(Beginning of Provided material)

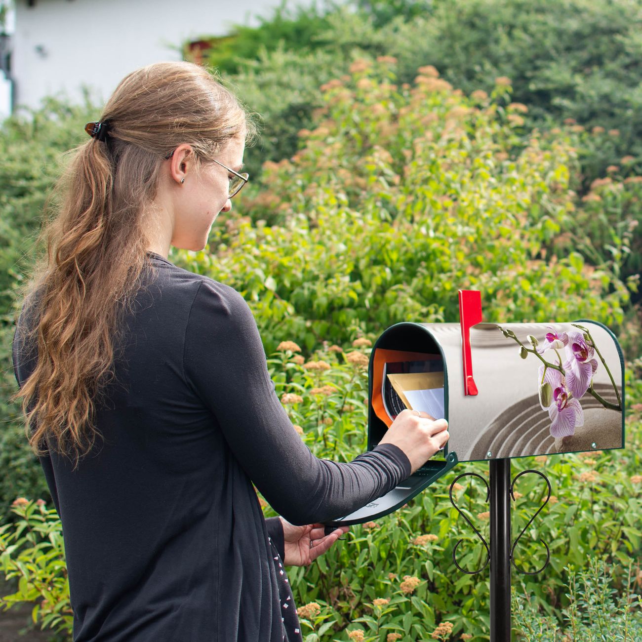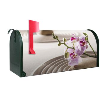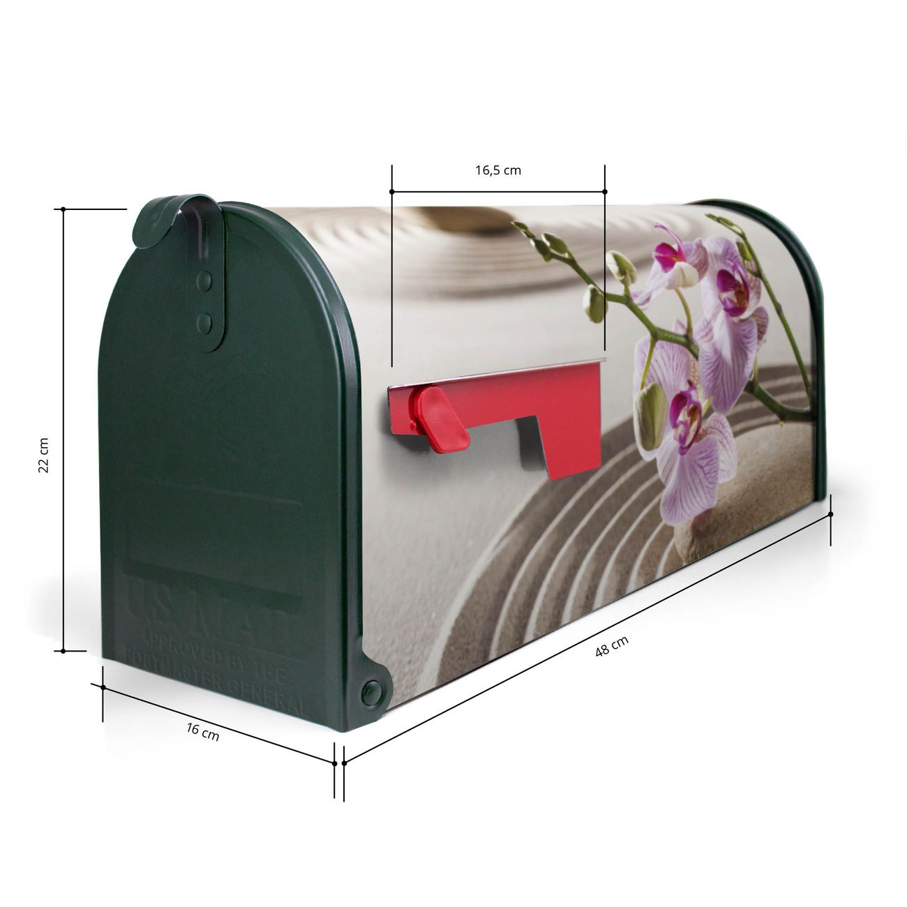 Der amerikanische Briefkasten von banjado mit Zen Relax Motiv bietet Ihnen ausreichend Fassungsvermögen, um große A4 Sendungen und Zeitschriften zu empfangen. Die typisch amerikanische rote Fahne zeigt Ihnen an, wenn Sie Post erhalten haben. Die US-Mailbox besteht aus verzinktem Stahlblech welches lackiert wurde und ist 48 x 22 x 16 CM (BxHxT) groß. Die Folie mit Motiv Zen Relax besteht aus einer wetter- und UV-resistenten Folie, die mit einem Schutzlaminat überzogen ist, sodass die US Mailbox zusätzlich vor Kratzern geschützt ist. An der Unterkante sind 4 Löcher je Seite um die Mailbox, typisch amerikanisch, an einem Holzpfahl oder einem Zaun zu befestigen. Auf Wunsch können Sie bei uns den passenden Standfuß oder die passende Wandhalterung kaufen um die US-Mailbox sicher zu befestigen. Wir bieten Ihnen ebenfalls Namensschilder, bereits beschriftet oder frei zu beschriften, und verschiedene selbst gestaltete Bitte-Keine-Werbung-Aufkleber.
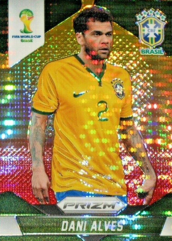 This card is 1 of 12 Dani Alves' card variations in the 2014 Prizm World Cup set being tracked by Sports Card Investor, including Base, Blue & Red Wave, Red White Blue Power Plaid, Silver, and Blue /199.
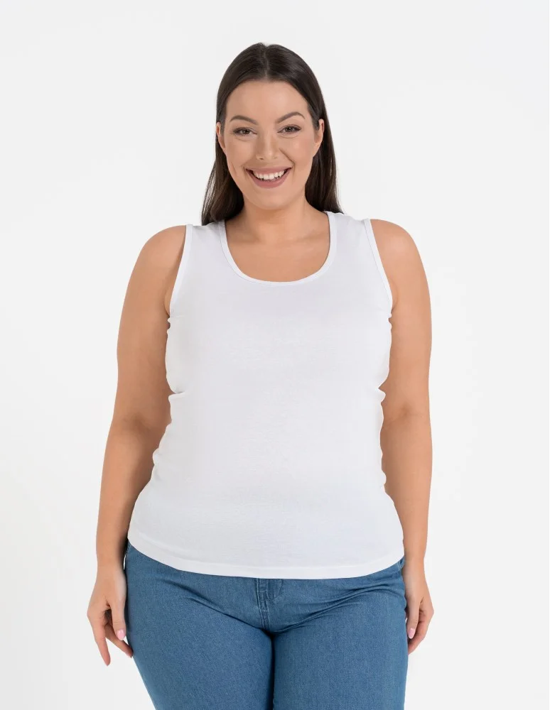 Koszulka damska na ramiączkach Tank-Top bawełniana Plus Size BIAŁY
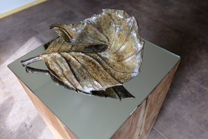2019een prachtig gepatineerd bronzen beeld van een omgekruld, bijna verweerd, herfstblad. Een beeld van vergankelijkheid. Hoe mooi kan een "afstervingsproces" zijn!
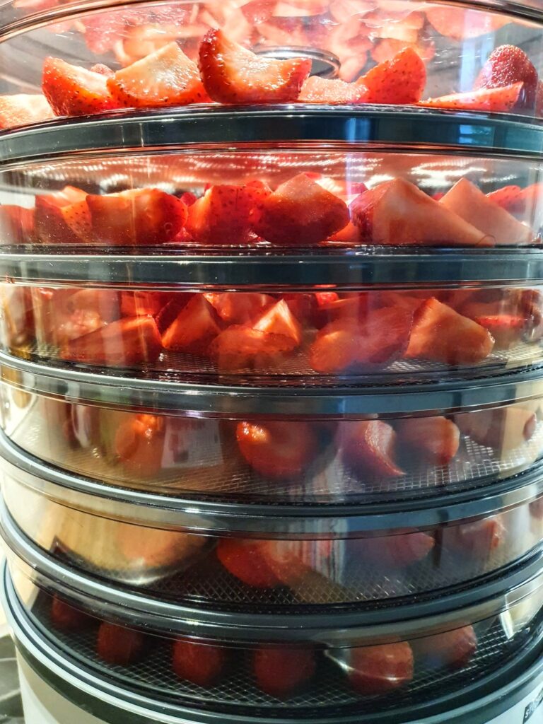 Über Nacht wurden im Dörrgerät die restlichen Erdbeerstücke getrocknet, was auch eine wunderbare Nascherei gibt.
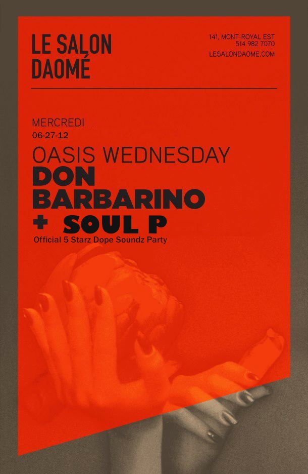 The Oasis Crew is very pleased to be hosting The Official 5 Starz Dope Soundz Party ft Soul P (MIA) and Don Barbarino (MTL) on the ones and twos.
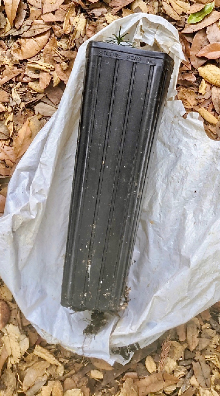 PHOTOS BELOW: Lamar Marshall aimed for FULL-SUN ORCHARD STYLE placement of his seeds directly into his area of mowed lawn. He chose Bio-Tone Starter Plus to ensure that his mixture of top soil, sterile potting soil, leaf litter, and a pinch of lime will offered the torreya seedlings ready-to-go spores of ENDO mychorrizal fungal symbionts.
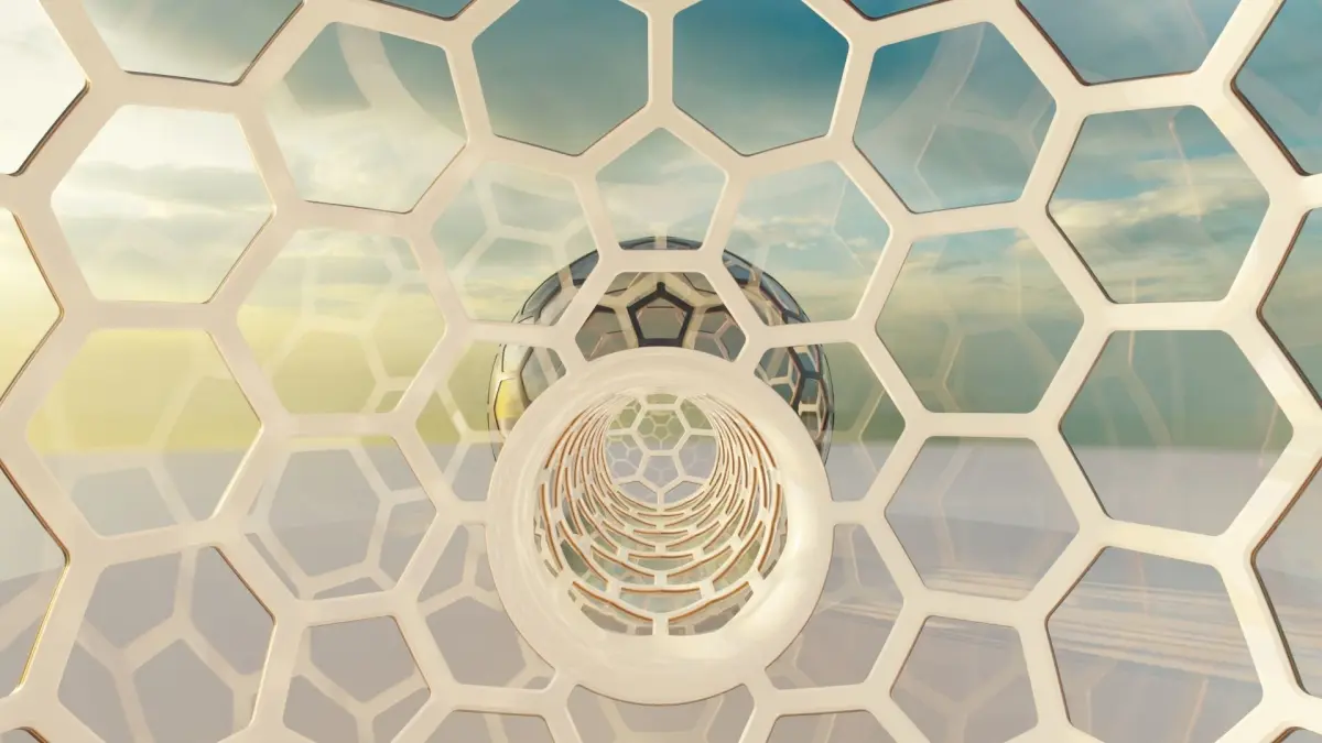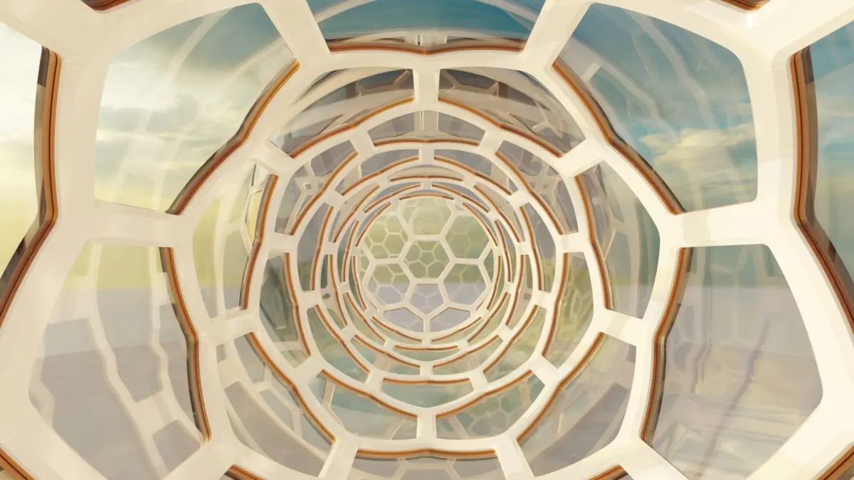 This is a high detail model of 2 spherical glass dome with a hexagonal window pattern with connected walkway. This model is suitable for extreme close-up renders.
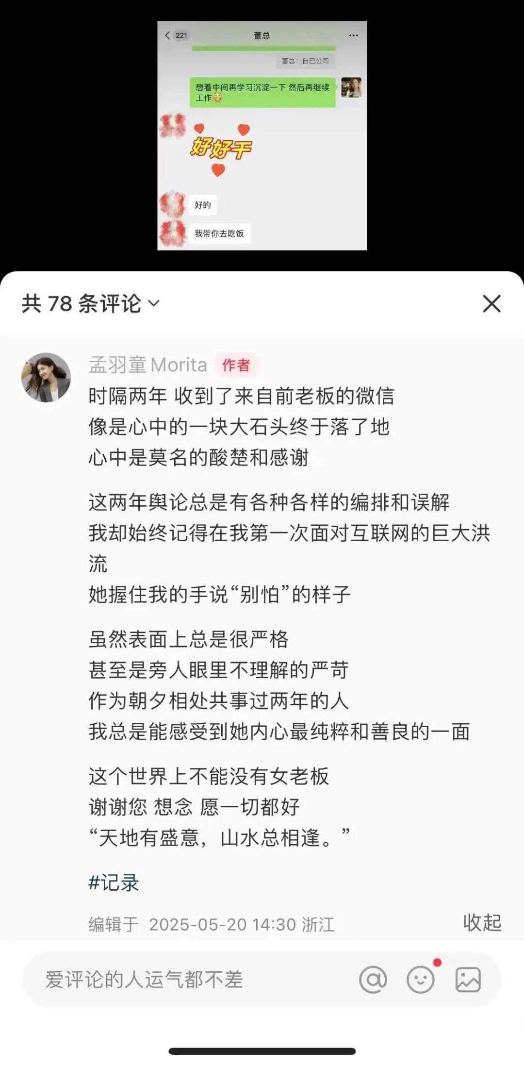 5月初,孟羽童曾回应与董明珠“互撕”,称根本不存在,“前司和前老板一直是我人生里闪亮的旅程和重要的贵人。”

(End of Provided material)

Work to complete:
Repeat the lines exactly, starting with the line that contains "PHOTOS BELOW: Lamar" and ending with the last line of the entries. Keep both of those lines but no pictures.

Finished task:
 PHOTOS BELOW: Lamar Marshall aimed for FULL-SUN ORCHARD STYLE placement of his seeds directly into his area of mowed lawn. He chose Bio-Tone Starter Plus to ensure that his mixture of top soil, sterile potting soil, leaf litter, and a pinch of lime will offered the torreya seedlings ready-to-go spores of ENDO mychorrizal fungal symbionts.
 This is a high detail model of 2 spherical glass dome with a hexagonal window pattern with connected walkway. This model is suitable for extreme close-up renders.
 5月初,孟羽童曾回应与董明珠“互撕”,称根本不存在,“前司和前老板一直是我人生里闪亮的旅程和重要的贵人。”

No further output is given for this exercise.